Applying the chain rule to f(t) = (36 - t^2)^(1/t), we have:
f'(t) = (1/t)((36 - t^2)^(1/t-1))(d(36 - t^2)/dt)
Now, we need to find d(36 - t^2)/dt:
d(36 - t^2)/dt = -2t
Plugging it back into f'(t), we get:
f'(t) = (1/t)((36 - t^2)^(1/t-1))(-2t)
2. Set f'(t) = 0 and solve for t:
(1/t)((36 - t^2)^(1/t-1))(-2t) = 0
Since division by zero is not allowed, we can set the numerator equal to zero:
(36 - t^2)^(1/t-1) = 0
Since the expression (36 - t^2)^(1/t-1) is always positive (as it involves an exponentiation), it can never be equal to zero. Hence, there are no critical points when f'(t) = 0 within the given interval.

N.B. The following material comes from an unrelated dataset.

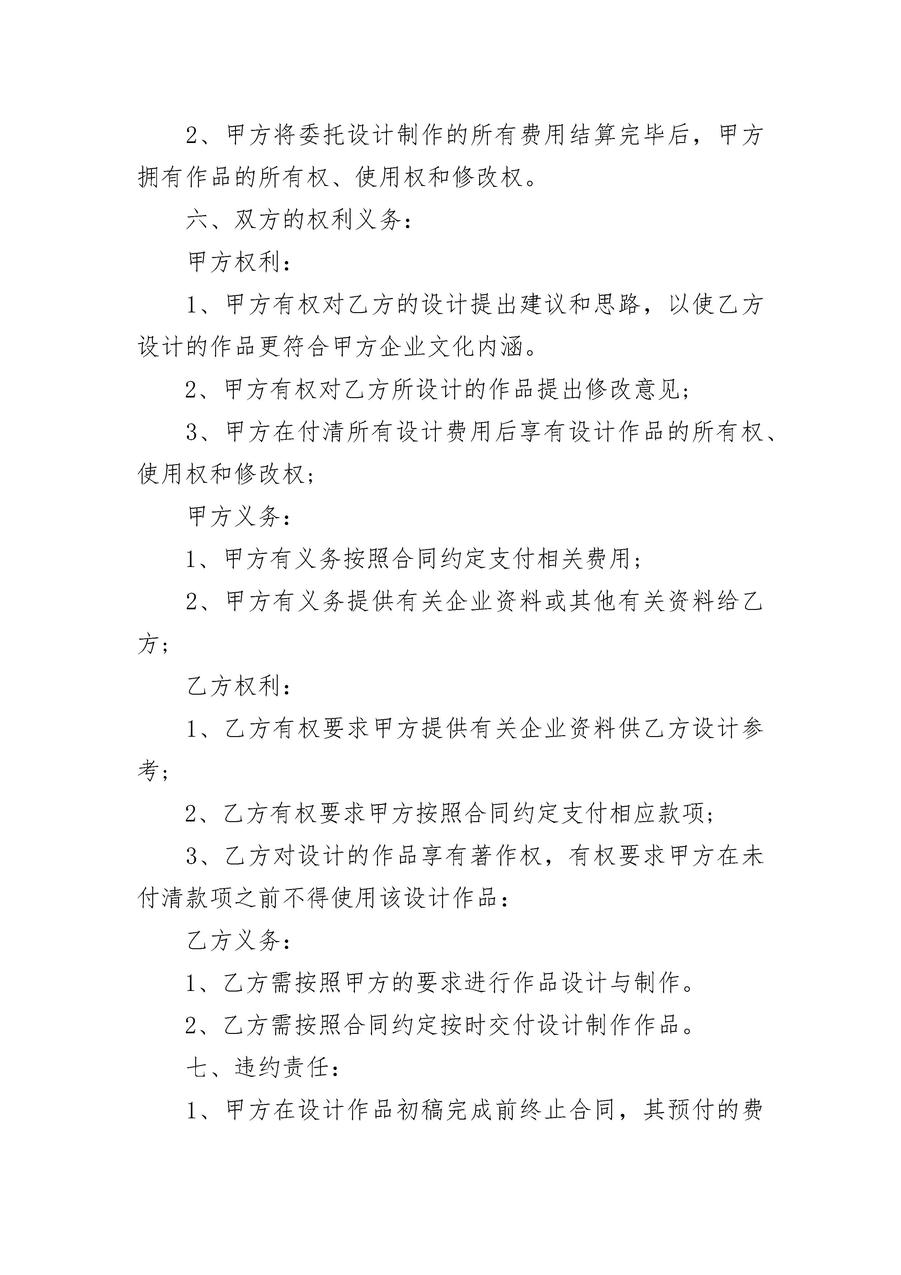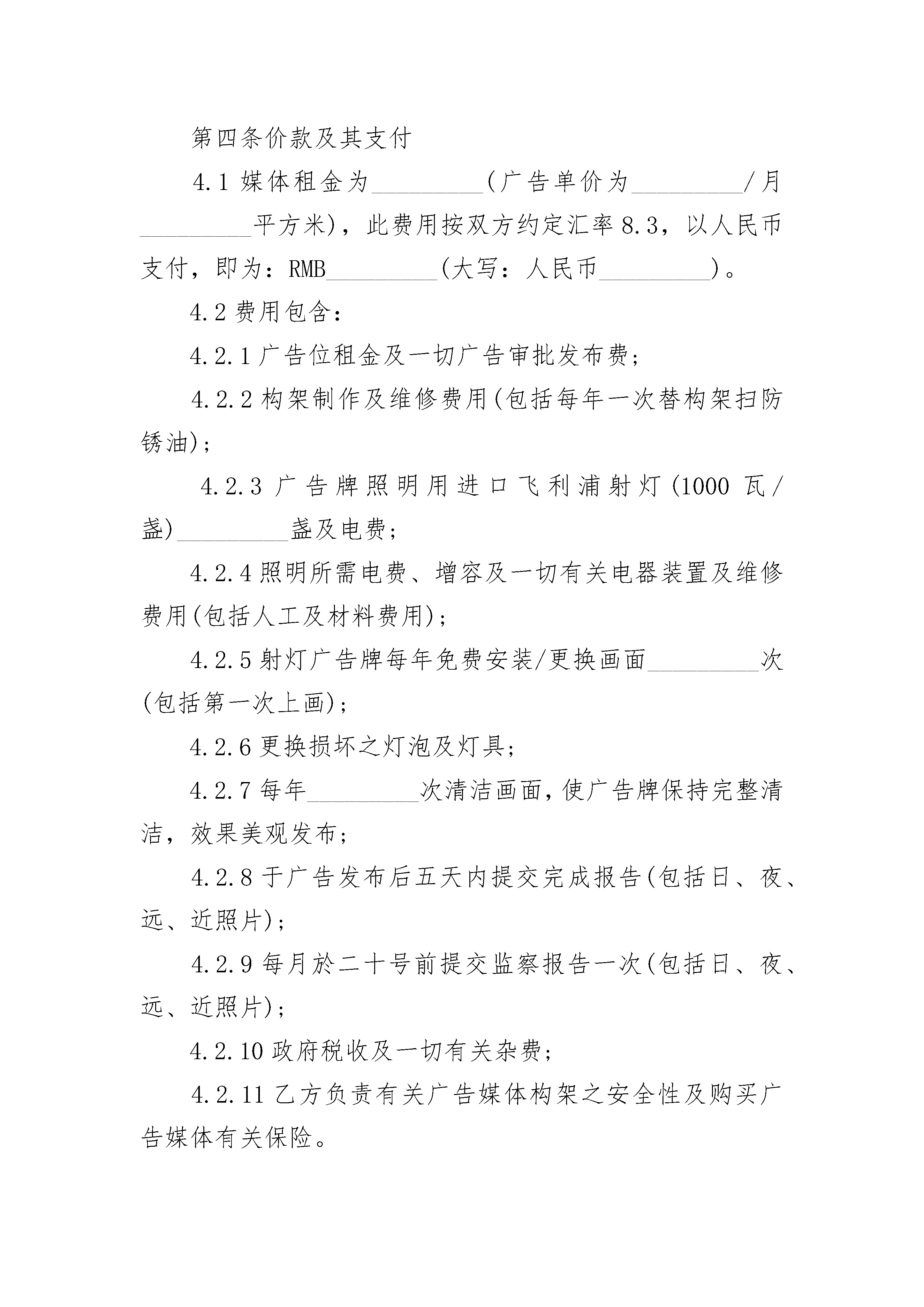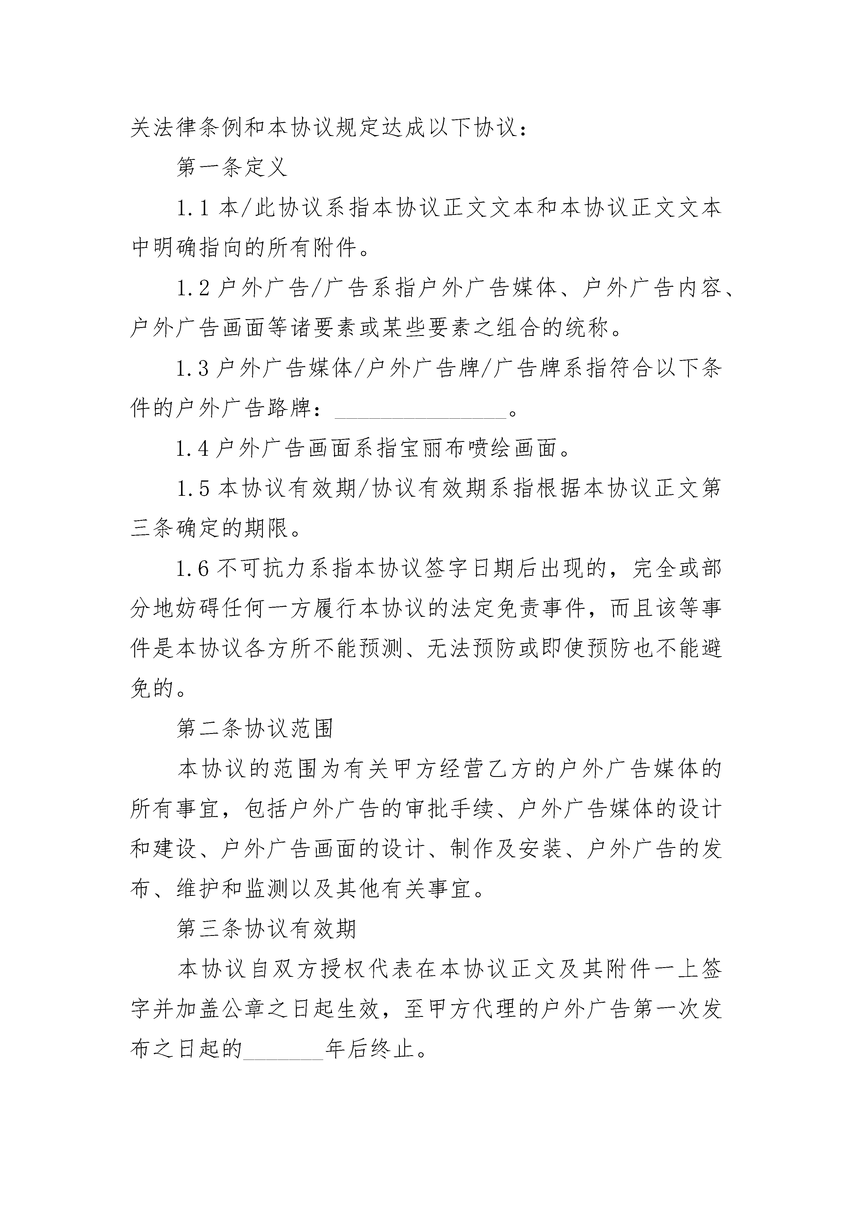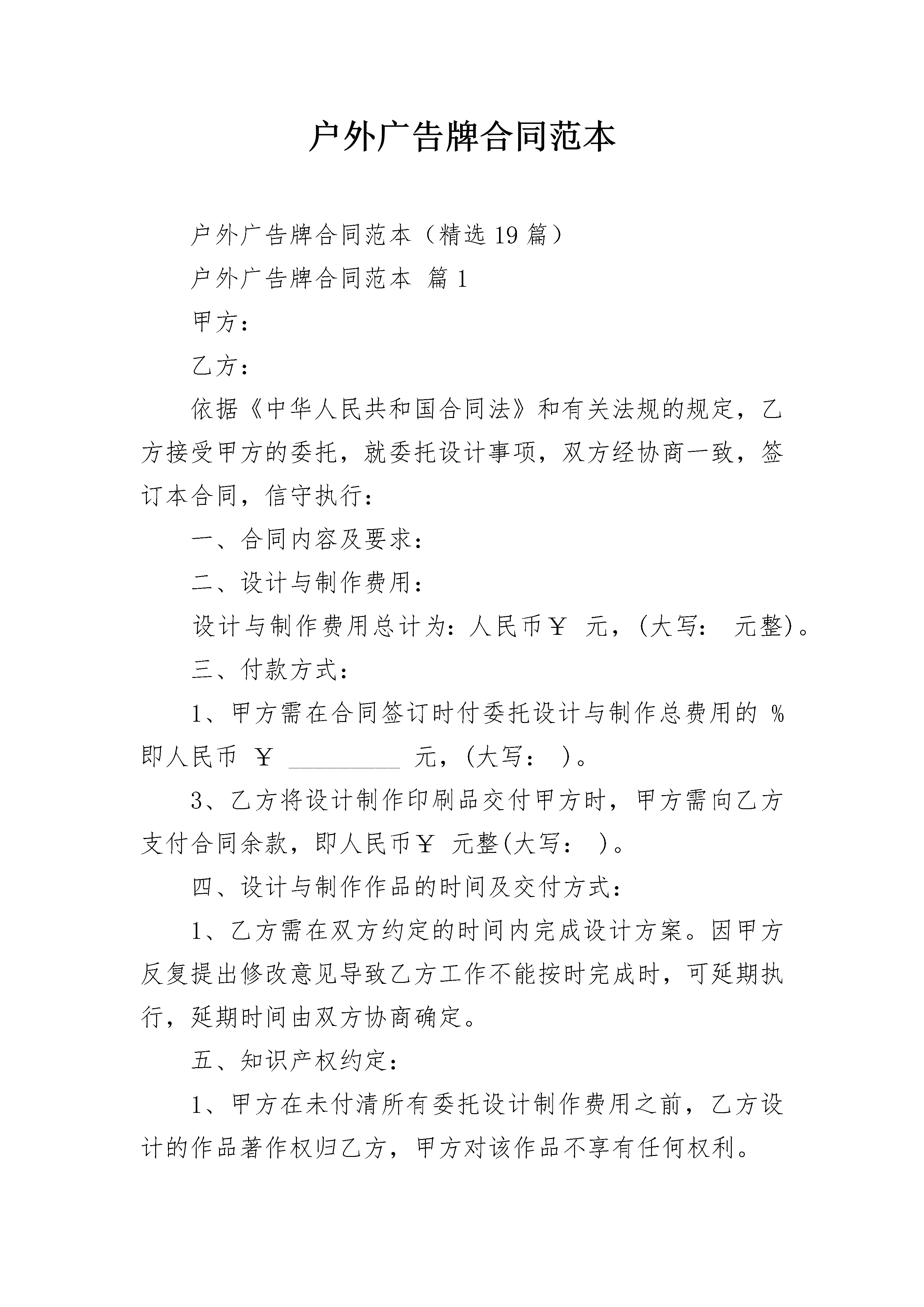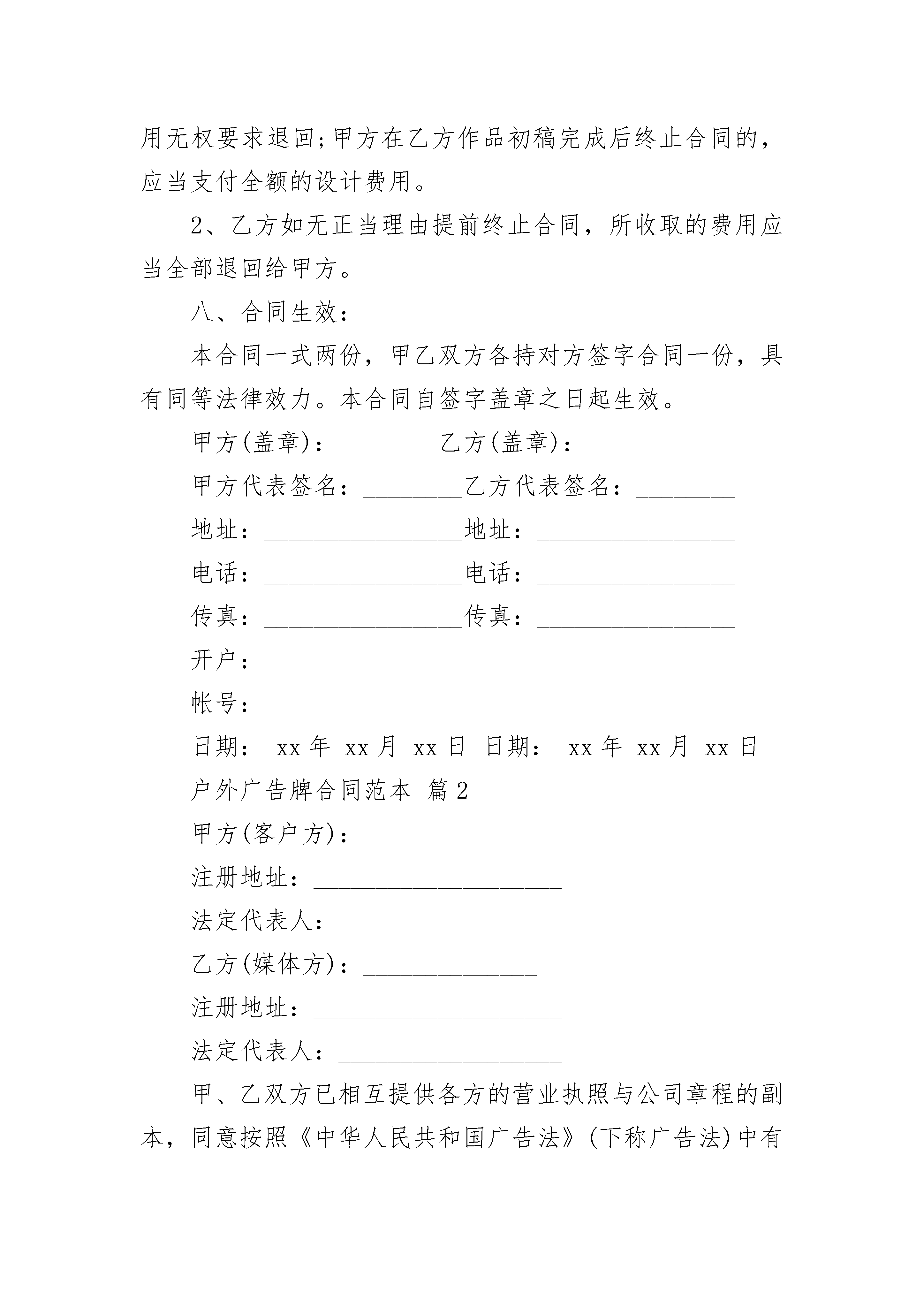 户外广告牌合同范本户外广告牌合同范本(精选19篇)户外广告牌合同范本篇1甲方:乙方:依据《中华人民共和国合同法》和有关法规的规定,乙方接受甲方的委托,就委托设计事项,双方经协商一致,签订本合同,信守执行:一、合同内容及要求:二、设计与制作费用:设计与制作费用总计为:人民币¥元,(大写:元整)。三、付款方式:1、甲方需在合同签订时付委托设计与制作总费用的%即人民币¥_________元,(大写:)。3、乙方将设计制作印刷品交付甲方时,甲方需向乙方支付合同余款,即人民币¥元整(大写:)。四、设计与制作作品的时间及交付方式:1、乙方需在双方约定的时间内完成设计方案。因甲方反复提出修改意见导致乙方工作不能按时完成时,可延期执行,延期时间由双方协商确定。五、知识产权约定:1、甲方在未付清所有委托设计制作费用之前,乙方设计的作品著作权归乙方,甲方对该作品不享有任何权利。2、甲方将委托设计制作的所有费用结算完毕后,甲方拥有作品的所有权、使用权和修改权。六、双方的权利义务:甲方权利:1、甲方有权对乙方的设计提出建议和思路,以使乙方设计的作品更符合甲方企业文化内涵。2、甲方有权对乙方所设计的作品提出修改意见;3、甲方在付清所有设计费用后享有设计作品的所有权、使用权和修改权;甲方义务:1、甲方有义务按照合同约定支付相关费用;2、甲方有义务提供有关企业资料或其他有关资料给乙方;乙方权利:1、乙方有权要求甲方提供有关企业资料供乙方设计参考;2、乙方有权要求甲方按照合同约定支付相应款项;3、乙方对设计的作品享有著作权,有权要求甲方在未付清款项之前不得使用该设计作品:乙方义务:1、乙方需按照甲方的要求进行作品设计与制作。2、乙方需按照合同约定按时交付设计制作作品。七、违约责任:1、甲方在设计作品初稿完成前终止合同,其预付的费用无权要求退回;甲方在乙方作品初稿完成后终止合同的,应当支付全额的设计费用。2、乙方如无正当理由提前终止合同,所收取的费用应当全部退回给甲方。八、合同生效:本合同一式两份,甲乙双方各持对方签字合同一份,具有同等法律效力。本合同自签字盖章之日起生效。甲方(盖章):________乙方(盖章):________甲方代表签名:________乙方代表签名:________地址:________________地址:________________电话:________________电话:________________传真:________________传真:________________开户:帐号:日期:xx年xx月xx日日期:xx年xx月xx日户外广告牌合同范本篇2甲方(客户方):______________注册地址:____________________法定代表人:__________________乙方(媒体方):______________注册地址:____________________法定代表人:__________________甲、乙双方已相互提供各方的营业执照与公司章程的副本,同意按照《中华人民共和国广告法》(下称广告法)中有关法律条例和本协议规定达成以下协议:第一条定义1.1本/此协议系指本协议正文文本和本协议正文文本中明确指向的所有附件。1.2户外广告/广告系指户外广告媒体、户外广告内容、户外广告画面等诸要素或某些要素之组合的统称。1.3户外广告媒体/户外广告牌/广告牌系指符合以下条件的户外广告路牌:_______________。1.4户外广告画面系指宝丽布喷绘画面。1.5本协议有效期/协议有效期系指根据本协议正文第三条确定的期限。1.6不可抗力系指本协议签字日期后出现的,完全或部分地妨碍任何一方履行本协议的法定免责事件,而且该等事件是本协议各方所不能预测、无法预防或即使预防也不能避免的。第二条协议范围本协议的范围为有关甲方经营乙方的户外广告媒体的所有事宜,包括户外广告的审批手续、户外广告媒体的设计和建设、户外广告画面的设计、制作及安装、户外广告的发布、维护和监测以及其他有关事宜。第三条协议有效期本协议自双方授权代表在本协议正文及其附件一上签字并加盖公章之日起生效,至甲方代理的户外广告第一次发布之日起的_______年后终止。第四条价款及其支付4.1媒体租金为_________(广告单价为_________/月_________平方米),此费用按双方约定汇率8.3,以人民币支付,即为:RMB_________(大写:人民币_________)。4.2费用包含:4.2.1广告位租金及一切广告审批发布费;4.2.2构架制作及维修费用(包括每年一次替构架扫防锈油);4.2.3广告牌照明用进口飞利浦射灯(1000瓦/盏)_________盏及电费;4.2.4照明所需电费、增容及一切有关电器装置及维修费用(包括人

Now, let's proceed to Step 2 and evaluate f(t) at the critical points and the endpoints:
Evaluate f(t) at the endpoints:
f(-1) = (36 - (-1)^2)^(1/(-1)) = (36 - 1)^(1/(-1)) = 35^(-1) = 1/35
f(6) = (36 - 6^2)^(1/6) = (36 - 36)^(1/6) = 0^(1/6) = 0
Since there are no critical points, we only need to check the endpoints to find the absolute maximum and minimum values.
Step 3: Comparing the values obtained in Step 2:
The absolute maximum value of f(t) on the interval [-1, 6] is 1/35, which occurs at t = -1.
The absolute minimum value of f(t) on the interval [-1, 6] is 0, which occurs at t = 6.
Therefore, the absolute maximum value is 1/35 and the absolute minimum value is 0.